I wouldn't say gb doesn't work on its own. Its more a case of gb not being able to be suggested as the solution to the problem being proposed here. I was just trying to make a case really for the go tool to adopt some of the concepts of gb, by making the zero value of the go tool more useful.
The most common scenario would be that people are following the official Go project structures and expect projects to be able to be built with the go tool. So with that being said, it would be amazing if the go tool could cope with more situations and try harder to build before failing. Just like gb is only for projects, applications that produce binaries, the go tool could also try to ensure that an application can be built regardless of GOPATH not being set, if it can do so by assuming some defaults.
It doesn't seem like these two proposals are in conflict. #17262 proposes a mechanism by which GOPATH can be inferred when the environment variable is missing. This proposes an algorithm for that inferred path. In fact it would seem this proposal actually depends on #17262.

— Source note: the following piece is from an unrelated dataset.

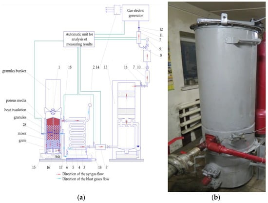 The experiments were held on a pilot plant equipped with a downdraft gasifier. The gasifier capacity was 60–68 m3/h. Gasifier [] was used as the basic design, but the chamber was changed to cylindrical type 350 × 200 × 208 mm (length, ID, and OD, respectively). The material of the gasification chamber was H25N20S2 steel. The block chart (a) and a general view (b) of a pilot gasifier plant are shown in Figure 1.
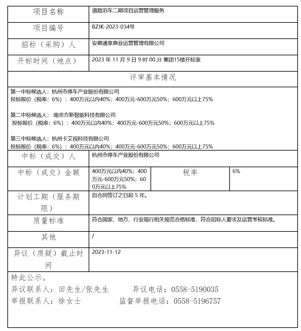 道路泊車(chē)二期項(xiàng)目運(yùn)營(yíng)管理服務(wù)中標(biāo)(成交)結(jié)果公示

Let's see how much of the problem is solved by automatic GOPATH=$HOME/go in Go 1.8 and revisit this in a release or two.
@bradfitz I really don't see how an automatic GOPATH solves anything, this proposal is about the possible ability to do without the GOPATH.

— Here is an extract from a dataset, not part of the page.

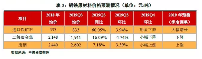 受年初溃坝事故波及矿山的产量以及夏季台风天气影响,本年度以来进口铁矿石供给偏紧的现象未有明显改观。虽然8、9月铁矿石到港量恢复明显,但受7月高均价影响三季度铁矿石均价仍呈小幅上涨趋势,季度均价环比上涨3.94%,同比大幅上涨60.05%。冶金焦供给总体宽松的情况未有明显变化,季度均价环比小幅下跌-4.74%,同比下跌16.09%。废钢方面,价格环比小幅上涨3.39%,同比上涨7.18%。行业整体原材料成本上涨明显。
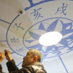 部屋の天井に記した方位マークは、江戸期の地図から引用したものです。これはそのまま、この部屋の方角を表しています。今回、僕は「江戸‐東京」のテーマのもと、この部屋に東京の3つのランドマークを描きました。スカイツリー、東京タワー、日本橋。ランドマークはこの部屋からみて、それぞれ描かれた壁の向く方角にあるものです。

I understand the difference. Hey, listen, I don't want GOPATH either. But I'm also realistic about how fast things move. I'd love to be see it happen sooner than later. Personally I'd like something like git where the "go" command would walk up the tree, looking for a magic directory that's the GOPATH. In Git, that's the .git
directory. The Go project avoids dot files for the most part, and we're not going to hide user's code. I'd like to see a magic gopath
directory that contains the gopath.
We also need to fix #4719 first and get rid of the $GOPATH/pkg directory entirely, making all build artifacts aggressively cached. That would fix another few open issues and common user confusions too.
Then we you could have structures like:
$HOME/my-projects/fooproj/cmd1
$HOME/my-projects/fooproj/cmd1/main.go
$HOME/my-projects/fooproj/cmd2
$HOME/my-projects/fooproj/cmd2/main.go
$HOME/my-projects/fooproj/gopath
$HOME/my-projects/fooproj/gopath/github.com/you/bar/bar.go
$HOME/my-projects/fooproj/gopath
$HOME/my-projects/fooproj/gopath/vendor/github.com/
And if you were in the "cmd2" directory and ran go install, it would walk up, file "gopath", and prepend that to your $GOPATH environment, which will likely be empty for new users in a GOPATH-less world.

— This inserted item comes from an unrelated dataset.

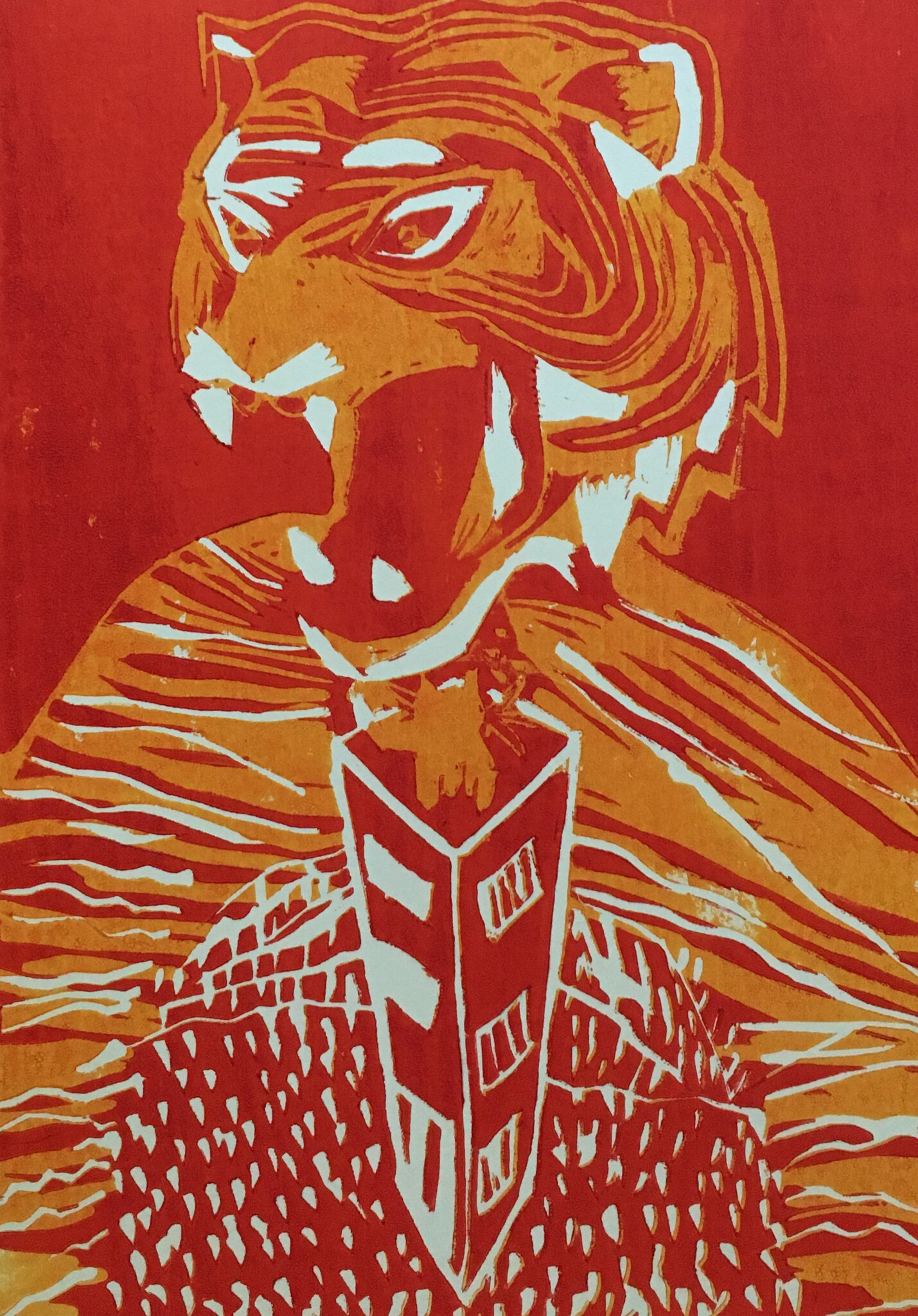 Lino druk. Een kat met zelfvertrouwen.

"go get" and everything would work.
"go install" would need a bin directory to write to. $GOBIN exists and would be used first. If unset, it could be write to $GOPATH/bin. (yes, there's no gopatch/src in this proposal. Maybe it could exist, but it seems unnecessarily deep) Or we put the default $GOBIN elsewhere.
Anyway, the point is that I also don't like $GOPATH.
It's just a lot of design & implementation work, and nobody's on it, at least yet.
Or, a revised version of the above proposal:
Instead of the magic directory being gopath
, instead make the magic directory be named src
. When walking up the filesystem to the root, whenever /foo/bar/src
is found, /foo/bar
is prepended as a $GOPATH.
Then the implicit $GOPATH/bin would be $YourProjectRoot/bin
, next to your src directory. Then you'd just .gitignore
the bin
directory, as is typical already.
So:
$HOME/my-projects/.gitignore # with bin
$HOME/my-projects/fooproj/cmd1
$HOME/my-projects/fooproj/cmd1/main.go
$HOME/my-projects/fooproj/cmd2
$HOME/my-projects/fooproj/cmd2/main.go
$HOME/my-projects/fooproj/src
$HOME/my-projects/fooproj/src/github.com/you/bar/bar.go
$HOME/my-projects/fooproj/src
$HOME/my-projects/fooproj/bin/cmd1 # binary from 'go install' in the cmd1 dir
$HOME/my-projects/fooproj/bin/cmd2 # binary from 'go install' in the cmd2 dir
And there would never be a pkg
directory, because we'd do #4719 as a dependency, which would replace pkg
with a build artifact cache directory.
@bradfitz I think using src
as the magic would be work. I would propose something similar, but slightly different. We specify the root folder's virtual location with somehow*. We still install bin (and until pkg get's sorted out, pkg too) locally in this root.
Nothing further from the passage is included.